First, let's load a dummy dataset of some articles that we once pooled for a prior systematic review published [here](https://pubmed.ncbi.nlm.nih.gov/36292201/).

In [3]:
data = pd.read_csv('data.csv')
data

Unnamed: 0,title,abstract,DOI,study_type,clinical_application,organ,modality,cardiovascular,task,deep_learning,external_validation
0,(18)F-FDG PET/CT Uptake Classification in Lymp...,Background Fluorine 18 ((18)F)-fluorodeoxygluc...,10.1148/radiol.2019191114,cross-sectional,diagnosis,lung,pet,0,classification,1,0
1,(18)F-FDG-PET/CT Whole-Body Imaging Lung Tumor...,Under the background of (18)F-FDG-PET/CT multi...,10.1155/2021/8865237,cross-sectional,diagnosis,lung,pet,0,classification,1,0
2,3-D Convolutional Neural Networks for Automati...,Deep two-dimensional (2-D) convolutional neura...,10.1109/jbhi.2018.2879449,cross-sectional,diagnosis,lung,ct,0,detection,1,0
3,3D CNN with Visual Insights for Early Detectio...,The 3D convolutional neural network is able to...,10.1155/2021/6695518,cross-sectional,diagnosis,lung,ct,0,classification,1,0
4,3D deep learning based classification of pulmo...,Classifying ground-glass lung nodules (GGNs) i...,10.1016/j.compmedimag.2020.101814,cross-sectional,diagnosis,lung,ct,0,"segmentation, classification",1,0
...,...,...,...,...,...,...,...,...,...,...,...
973,Vulture-Based AdaBoost-Feedforward Neural Fram...,"In today's scenario, many scientists and medic...",10.1007/s12539-022-00505-3,cross-sectional,diagnosis,lung,xr,0,"segmentation, classification",1,0
974,Wavelet decomposition facilitates training on ...,The adoption of low-dose computed tomography (...,10.1007/s00418-020-01961-y,cross-sectional,diagnosis,lung,ct,0,classification,1,0
975,Weakly unsupervised conditional generative adv...,Because of the rapid spread and wide range of ...,10.1016/j.media.2021.102159,cross-sectional,diagnosis,lung,ct,0,classification,1,0
976,Weakly-supervised lesion analysis with a CNN-b...,Objective.Lesions of COVID-19 can be clearly v...,10.1088/1361-6560/ac4316,cross-sectional,diagnosis,lung,ct,0,classification,1,0


Let's then write some inclusion and exclusion criteria to screen these papers.

In [4]:
inclusion_criteria = "The study must involve CT scans.

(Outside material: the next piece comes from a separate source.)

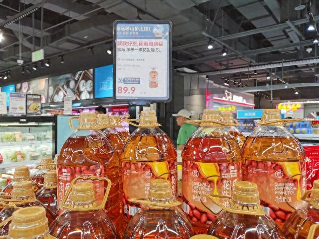 在线下门店,不少“移山价”产品均被摆放在显眼处,方便消费者购买。例如:盒马榴莲千层蛋糕,39.9元/470克;盒马压榨一级花生油,89.9元/5L;秘鲁超大蓝莓,19.9元/125克(18mm果径);佳沛新西兰阳光金果plus,66元/6粒装(单果175克);冰鲜猪肋排条,39.9元/700克;锦绣黄桃,22.9元/1.2公斤(6个装);无抗鲜鸡蛋,22.9元/1.59公斤(30枚)。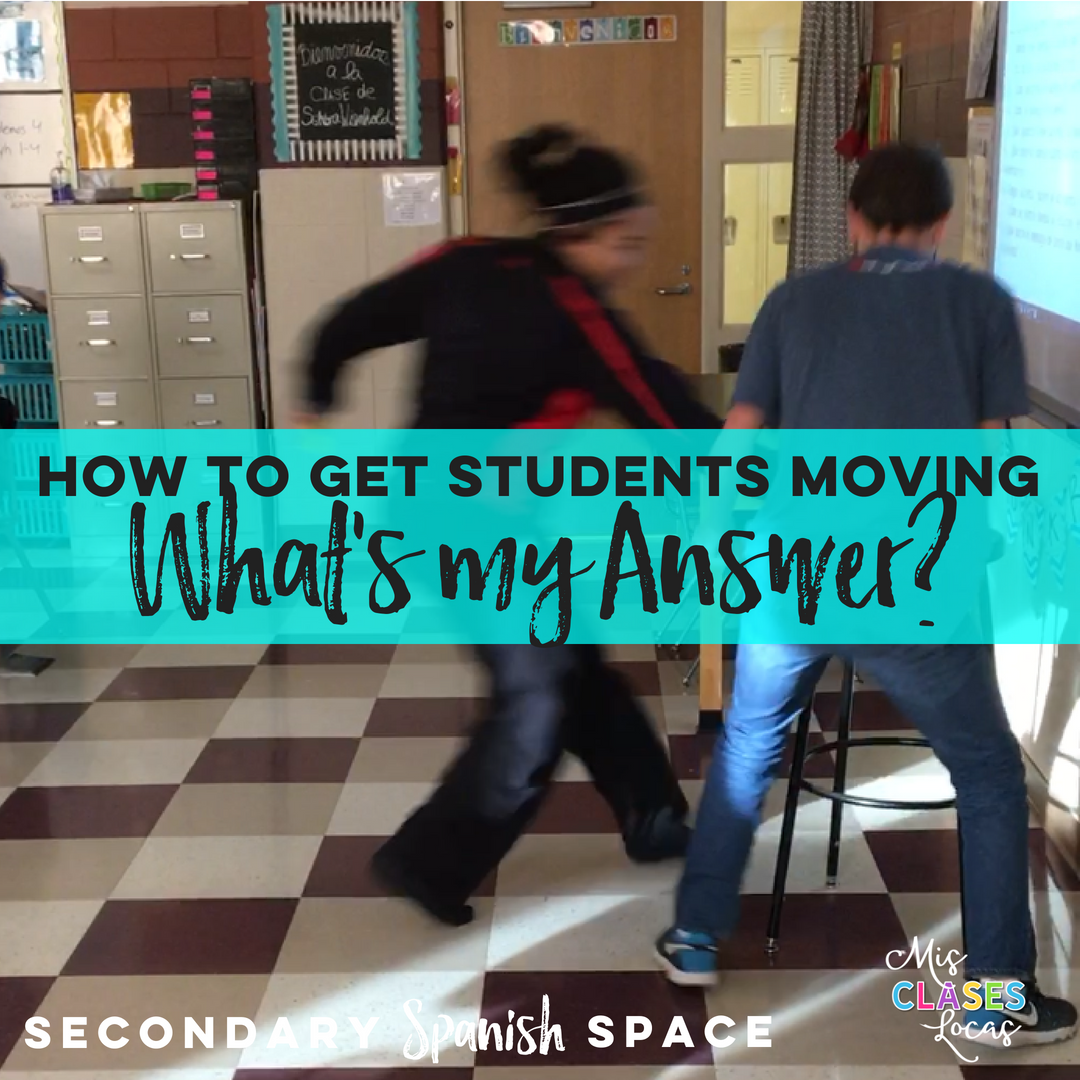 Hola friends! It is Allison from Mis Clases Locas. One of my big goals is to get every single student up and moving at some point in every class. I even just presented on this topic at IWLA this past weekend. This is such a priority, that my room is set up deskless, which gives us so much room for activities. If you are interested in learning more about how this works, check out my Deskless class FAQ. Our students sit ALL DAY LONG. I do not know about you, but I can not stand sitting all day for PD, and that is what we do to our students each day. I have found that getting students up and moving increases engagement as well as student motivation. Here are some of my favorite ways to get your Spanish class moving.

If multiple modalities are involved, CT scans should be among them."
exclusion_criteria = "The study must not include PET scans as one of its modalities."

## Review

Then, we will define three reviewers (two juniors and one senior) that will go through the dataset and look for those items that meet all the inclusion criteria and does not violate any of the exclusion criteria. Each agent return either of the following scores:

- 1 means absolutely to exclude.
- 2 means better to exclude.
- 3 Not sure if to include or exclude.
- 4 means better to include.
- 5 means absolutely to include.

In [5]:
Agent1 = TitleAbstractReviewer(
    provider=LiteLLMProvider(model="gemini/gemini-1.5-flash"),
    name="Agent1",
    backstory="a PhD researcher in biology and computer science",
    inclusion_criteria = inclusion_criteria,
    exclusion_criteria = exclusion_criteria,        
    max_concurrent_requests=30, 
    model_args={"max_tokens": 200, "temperature": 0.1},
)

Agent2 = TitleAbstractReviewer(
    provider=LiteLLMProvider(model="gpt-4o-mini"), 
    name="Agent2",
    backstory="a PhD researcher in biology and computer science",
    inclusion_criteria = inclusion_criteria,
    exclusion_criteria = exclusion_criteria,        
    max_concurrent_requests=30, 
    model_args={"max_tokens": 200, "temperature": 0.1},
)

Agent3 = TitleAbstractReviewer(
    provider=LiteLLMProvider(model="o3-mini"),
    name="Agent3",
    backstory="a senior MD-PhD researcher with years of experience in conducting systematic reviews in radiology and deep learning",
    inclusion_criteria = inclusion_criteria,
    exclusion_criteria = exclusion_criteria,        
    max_concurrent_requests=30, 
    model_args={'reasoning_effort': 'medium'},
    additional_context="""
    Two PhD reviewers have already reviewed this article and disagree on how to evaluate it. You can read their evaluation above.
    """
)

Finally, let's create a review workflow and put our agents to work!

In [14]:
def filter_func(row):
    score1 = int(row["round-A_Agent1_output"]["evaluation"])
    score2 = int(row["round-A_Agent2_output"]["evaluation"])
    if score1 != score2:
        if score1 >= 4 and score2 >= 4:
            return False
        if score1 >= 3 or score2 >= 3:
            return True
    elif score1 == score2 == 3:
        return True
    return False

async def review(df, sample_size=None):
    
    title_abs_review = ReviewWorkflow(
        workflow_schema=[
                {
                    "round": 'A',
                    "reviewers": [Agent1, Agent2],
                    "text_inputs": ["title", "abstract"]
                },
                {
                    "round": 'B',
                    "reviewers": [Agent3],
                    "text_inputs": ["title", "abstract", "round-A_Agent1_output", "round-A_Agent2_output"],
                    "filter": filter_func
                }
            ]
        )

    if sample_size:
        df = df.sample(sample_size)

    updated_df = await title_abs_review(df)
    total_cost = title_abs_review.get_total_cost()
    print(f"\n====== Finished reviewing ======\n")
    print(f"\nTotal cost: {total_cost}")
    print("-" * 100)
    return updated_df


updated_df = asyncio.run(review(data, sample_size=10))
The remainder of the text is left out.